(unfinished piece)
We are all chasing a unicorn.
We are all chasing a unicorn.
The Unicorn is that single special someone with the great mix of intelligence, personality, maturity, looks and sex appeal, that’s interested in you.
The Unicorn is the job you land that pays you just for being awesome. (No formal training involved). Where you answer to yourself, create your own work load, everyday is a vacation; you’ve just been hired and are already retired.
The Unicorn is the house on the hill, the yacht, the wife, the lotto, the materials we covet but haven’t paved way to earn.

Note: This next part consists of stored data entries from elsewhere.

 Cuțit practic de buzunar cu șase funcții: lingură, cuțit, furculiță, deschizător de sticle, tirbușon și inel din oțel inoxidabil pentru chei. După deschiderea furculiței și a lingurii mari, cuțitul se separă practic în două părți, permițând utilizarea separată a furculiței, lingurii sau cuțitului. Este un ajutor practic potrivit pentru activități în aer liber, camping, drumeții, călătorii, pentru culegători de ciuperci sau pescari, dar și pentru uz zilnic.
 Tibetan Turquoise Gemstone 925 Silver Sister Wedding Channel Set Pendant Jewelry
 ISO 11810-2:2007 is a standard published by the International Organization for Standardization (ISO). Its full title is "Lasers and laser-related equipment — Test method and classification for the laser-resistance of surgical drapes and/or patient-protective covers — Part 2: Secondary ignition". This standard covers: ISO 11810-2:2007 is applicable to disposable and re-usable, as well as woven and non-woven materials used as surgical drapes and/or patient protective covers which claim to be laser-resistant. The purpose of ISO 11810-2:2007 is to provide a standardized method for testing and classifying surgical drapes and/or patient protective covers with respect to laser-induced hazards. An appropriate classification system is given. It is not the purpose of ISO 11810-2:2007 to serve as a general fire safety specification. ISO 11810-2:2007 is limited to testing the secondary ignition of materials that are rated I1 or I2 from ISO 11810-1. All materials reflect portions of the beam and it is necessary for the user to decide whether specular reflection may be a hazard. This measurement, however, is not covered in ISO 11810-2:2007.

It’s the perfect kiss, or being swept away by Prince Charming, or having a truly “open-relationship”.
“Now entertain conjecture of a time, when creeping murmur and the poring dark, fills the wide vessel of the universe.”

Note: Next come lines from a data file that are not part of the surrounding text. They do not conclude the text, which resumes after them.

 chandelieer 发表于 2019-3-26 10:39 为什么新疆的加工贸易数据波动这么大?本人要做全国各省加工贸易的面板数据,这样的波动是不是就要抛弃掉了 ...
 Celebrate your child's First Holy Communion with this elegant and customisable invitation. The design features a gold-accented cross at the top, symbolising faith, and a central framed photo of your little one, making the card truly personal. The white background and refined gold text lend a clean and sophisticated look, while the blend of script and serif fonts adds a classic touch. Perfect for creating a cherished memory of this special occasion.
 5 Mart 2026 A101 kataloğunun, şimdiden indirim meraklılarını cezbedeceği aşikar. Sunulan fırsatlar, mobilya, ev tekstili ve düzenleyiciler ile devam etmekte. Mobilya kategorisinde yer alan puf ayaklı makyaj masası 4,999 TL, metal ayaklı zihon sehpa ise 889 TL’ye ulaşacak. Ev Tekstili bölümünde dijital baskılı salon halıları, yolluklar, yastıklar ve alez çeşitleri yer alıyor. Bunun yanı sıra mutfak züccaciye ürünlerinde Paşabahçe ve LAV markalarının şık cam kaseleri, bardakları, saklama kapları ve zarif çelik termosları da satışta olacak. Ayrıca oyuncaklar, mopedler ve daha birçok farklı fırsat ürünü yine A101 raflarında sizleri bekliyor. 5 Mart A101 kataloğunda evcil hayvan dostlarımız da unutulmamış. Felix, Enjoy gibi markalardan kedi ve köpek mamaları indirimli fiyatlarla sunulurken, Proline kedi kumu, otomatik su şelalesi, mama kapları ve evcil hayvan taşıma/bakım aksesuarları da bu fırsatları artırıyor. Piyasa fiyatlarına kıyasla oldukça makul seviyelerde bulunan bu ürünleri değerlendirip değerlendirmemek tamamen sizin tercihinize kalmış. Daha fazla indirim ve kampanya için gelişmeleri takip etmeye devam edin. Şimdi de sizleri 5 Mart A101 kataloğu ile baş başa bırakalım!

We create these magical scenarios and mystic creatures and project light and life into them until we believe they are obtainable existences. We fervently seek them out each day and would often sell our souls to own them. They are immortal and impenetrable and their appeal never wavers.

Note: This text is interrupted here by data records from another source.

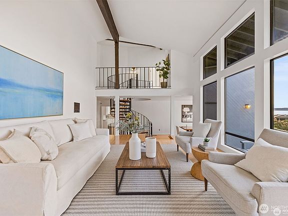 Expansive decks and wide windows draw in water and sunset views, while resort-style amenities elevate everyday living. Fresh interior and exterior paint highlight hardwoods and a bright open kitchen/dining. The showstopper is the big pool house—a year-round retreat with an indoor lap pool, dry sauna, hot tub, and lounge opening to the patio. The top floor hosts the primary suite plus a bedroom/office; the primary adds a view sitting area, dressing room, and walk-in closet. Brand-new carpet provides a crisp finish. Separate ADU with living room and bedroom (buyer to verify) offers great flexibility. Pneumatic elevator for easy movement. Large sunset decks. Minutes to Carkeek Park, Greenwood dining, coffee, everyday essentials, and transit.
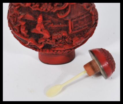 A 19th Century Chinese Cinnabar lacquer snuff bottle of moon flask shape having decoration depicting figures in the Canton style.
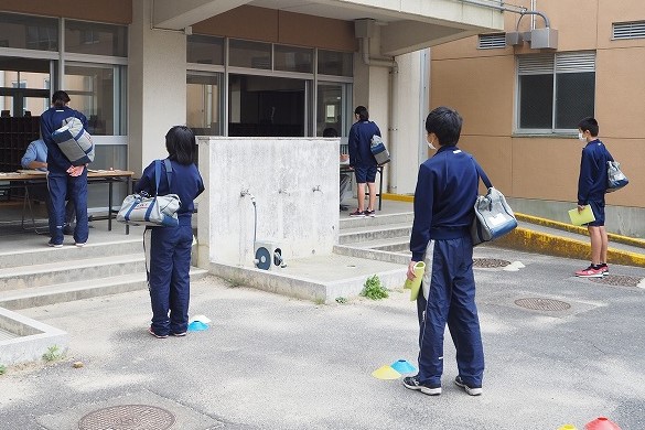 3年生の学習教材受け取りの様子です。
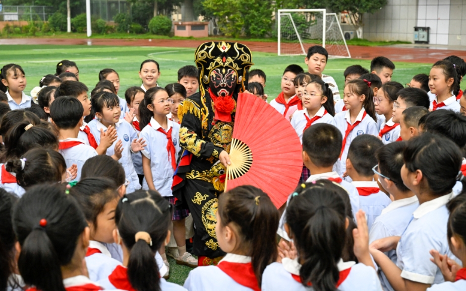 ▲2025年9月1日,在安徽省合肥市廬陽(yáng)區林店街道六安路小學(xué)榮城花園分校,時(shí)代川劇變臉演員正在與小學(xué)生們互動(dòng)游戲。過(guò)去圖/IC photo
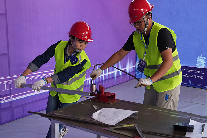 賽場上,王旭東、周蓉兩位選手沉著迎戰(zhàn)、不畏強手,信心十足地快速準確切割鋼筋,沉著地檢測模擬構件的缺陷,全神貫注地使用儀器進行施工放樣,每個項目每個環(huán)節(jié)均都能從容面對,展示了交建人扎實的技能功底和良好的心理素質(zhì)。
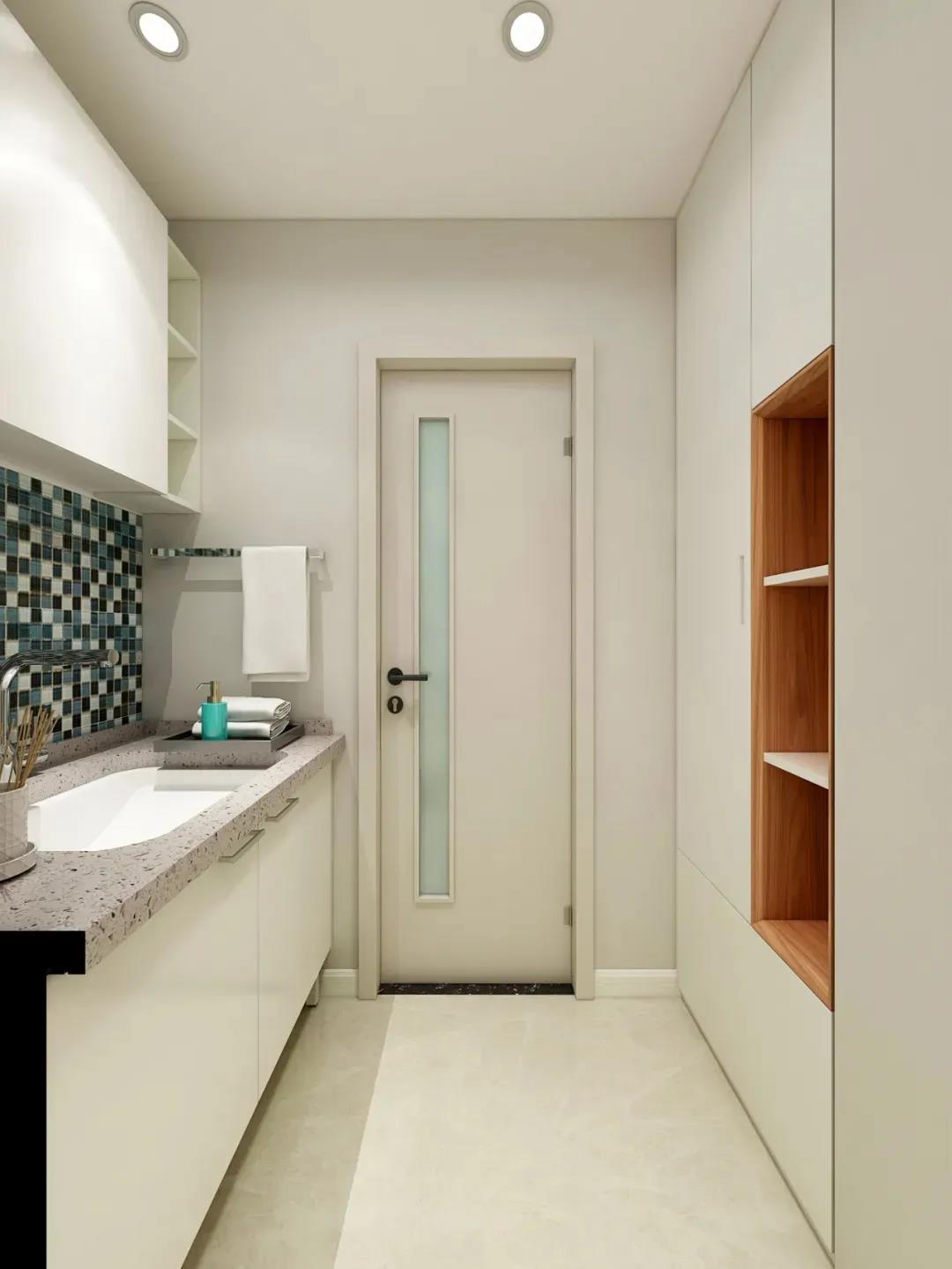 將洗漱區(qū)外移至過(guò)道處,騰出的空間讓淋浴區(qū)和馬桶區(qū)更加寬敞,還可以做個(gè)分離。
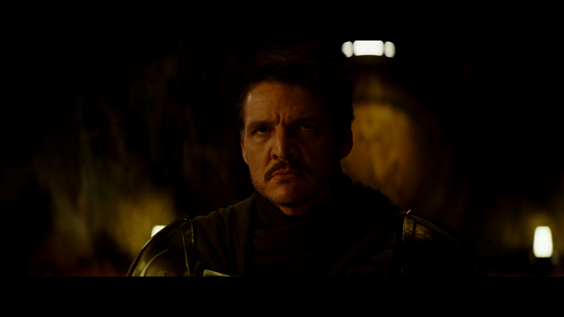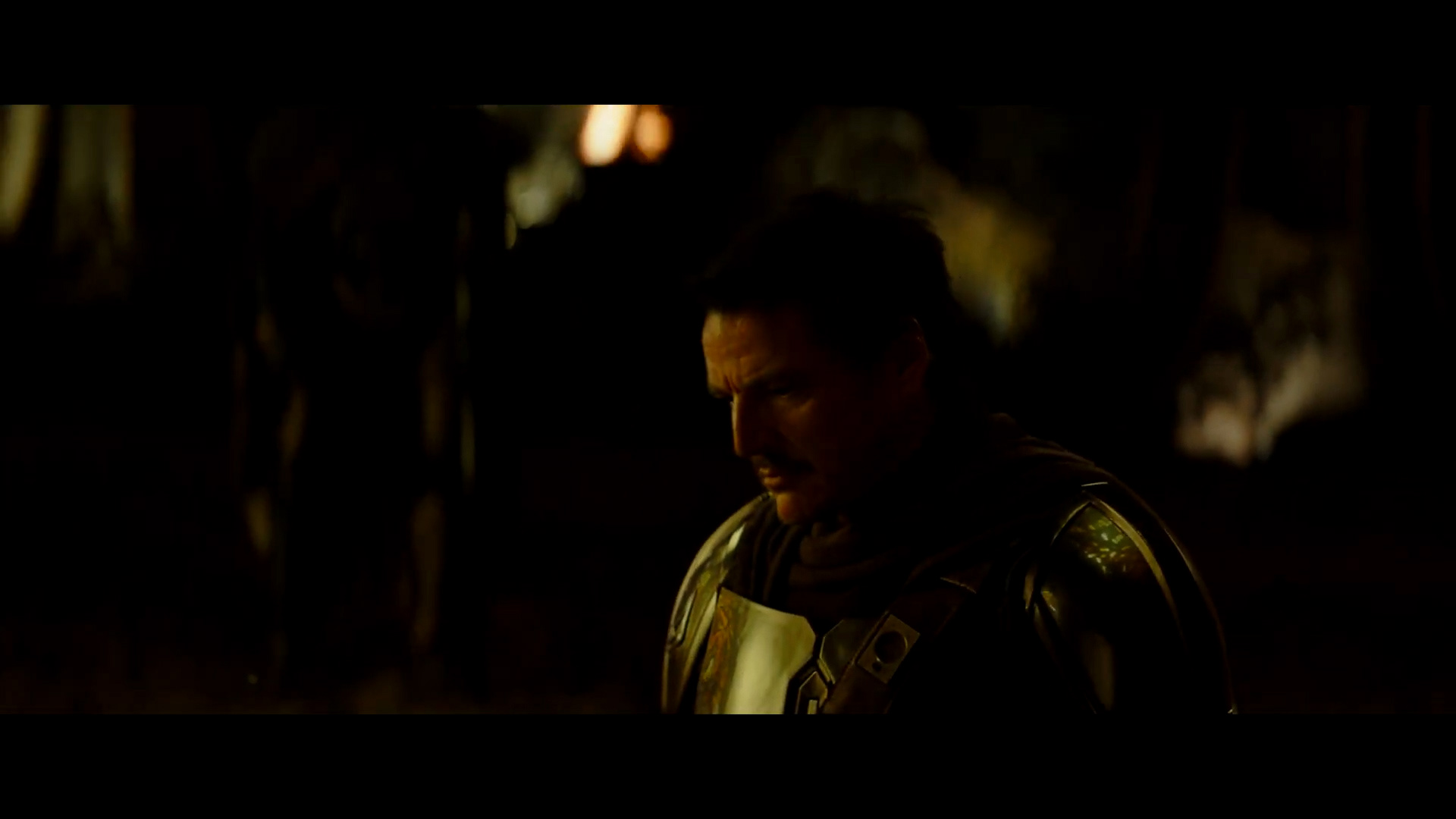 - Shot #42 - A hand belonging to one of the droid soldiers removes the helmet from Din Djarin's head, revealing Pedro Pascal's face. Mando appears to be kneeling in this shot, likely having been captured and restrained. He does not look happy.

According to mythological lore, (I’m not going to touch on all of the religious implications the unicorn symbolizes in Pagan and Christian history) the unicorn as a creature is described as having the body of a horse, tail of a lion, beard of a goat, and most distinguishing, a single horn rising from the center of its head. A horn thought to hold magical powers. The unicorn embodies all that is good and light and pure and represents magic and love. Very much it is the manifestation of perfection – a concept conceived within the human mind.
It has been sought for ages. Specifically looking at the stories believed to come from the Netherlands, we find groups of noblemen in pursuit of the unicorn whose tactics included the use of a virgin to capture the creature. Another symbol in art and literature that embodies purity, the virgin!
Virgin and Unicorn
As soon as the unicorn sees her, he lays his head in her lap and falls asleep. Said Leonardo da Vinci: “[The unicorn] for the love it bears to fair maidens forgets its ferocity and wildness; and laying aside all fear it will go up to a seated damsel and go to sleep in her lap, and thus the hunters take it.”
But never can we find evidence of the capturing of the unicorn, or its actual existence. It has been compared to other horned beasts: rhinoceroses, dear, goat, antelope, eland; though it is more than apparent that these animals don’t hold a candle to the magic and whimsy the unicorns very presence suggests, however fabled.
So what does this mean for our own personal unicorns? Chasing the unicorn, so to speak, and the idea of going after something that doesn’t exist? When you find that one’s true character to lack that initial “magic” you projected; to find the creature you’ve conjectured is nothing more than a rough, tough rhino, where do you go?
To begin, just because these concepts represent some unrealistic expectations, I'm not suggesting giving up the ritual of pursuit altogether. However jaded I have become I certainly still hold the act of dreaming in high regard and importance in life. But running on the treadmill of delusion is not it.